In the real world, life can be grim and there are winners and losers.  We have institutions, such as stock exchanges, and a parliament that sets the rules (or thinks it does so).  What is “fair” becomes a constantly changing product of an interplay of power between participants in the economy.

I was interested to read the recent Compass piece by Jules Peck, entitled: “Powered by People – who do you trust to keep the lights on”, and the comments on it posted on the website and on Facebook.  Ed Miliband’s father’s views are examined and that raises the question of whether power prices should be a matter for confrontation between “us” and “them”.

In a mutualisation situation the “us” and “them” distinction should not arise – rather, it should be a matter of “us” and “them” together against the world outside.  It then becomes a test of the adulthood of the consumer as to whether he or she is prepared to take commercial risks in the big wide world.

At present, this is not an option.  However, if consumers were to own at least part of their energy companies, they would have a better understanding of the commercial pressures and would have the effects of overcharging (if any, in the long term) mitigated for them.

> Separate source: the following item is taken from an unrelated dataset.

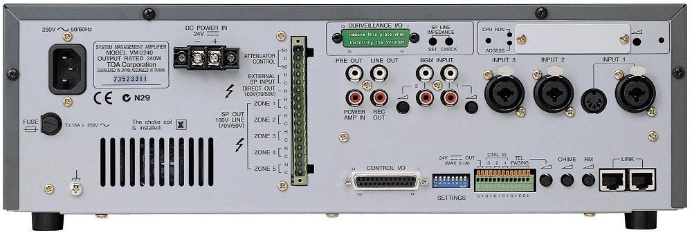 | Ngõ ra | Ngõ ra loa: Kiểu chân cắm (*7) 5 phím lựa chọn vùng loa với chiết áp (tất cả các zone có thể lựa chọn đồng thời) Ngõ ra loa trực tiếp: ngõ ra trực tiếp từ tăng âm tới biến áp ngõ ra (không qua chiết áp) Ngõ ra line: 0 dB(*3), 10 kΩ, kiểu giắc hoa sen Ngõ ra ghi âm: 0 dB(*3), 10 kΩ, kiểu giắc hoa sen Ngõ ra cho tăng bên ngoài: 0 dB(*3), 10 kΩ, kiểu giắc hoa sen |

The Co-op offers customers a “divi”.  Why can’t customers have a profit share in their energy suppliers?

In April 2013, I did a piece for Compass which spells out how this could be possible.  Here is an example.

In October 2012, British Gas announced that, on average, £50 of every householder’s annual gas bill was for capital investment.  So, I say, give me £50 worth of shares in British Gas.  It should be the shareholders’ job to pay for capital investment, not the customers’.  Clearly, the regulatory regime is seriously flawed if it allows the energy companies to grow on the backs of its customers in an oligopolistic market.  Ed Miliband is quite right to say that the regulations must be changed.

What would happen, if this proposal were adopted, is that customers would, over a period of time, come to own a significant stake in British Gas.  This is not re-nationalisation.  It is a partial mutualisation, without great upheaval, via the mechanism of existing company law, with customers paying for shares through their bills.

I will leave it to others to comment on the theoretical aspects of this proposal.  It can be adapted for other industries, such as water and banking.  I would only add that the new shares in British Gas ought not to be transferable other than, for example, on the decease of the customer (no more “Sids” going for a quick profit) – otherwise we end up with the same “us” and “them” situation we have now.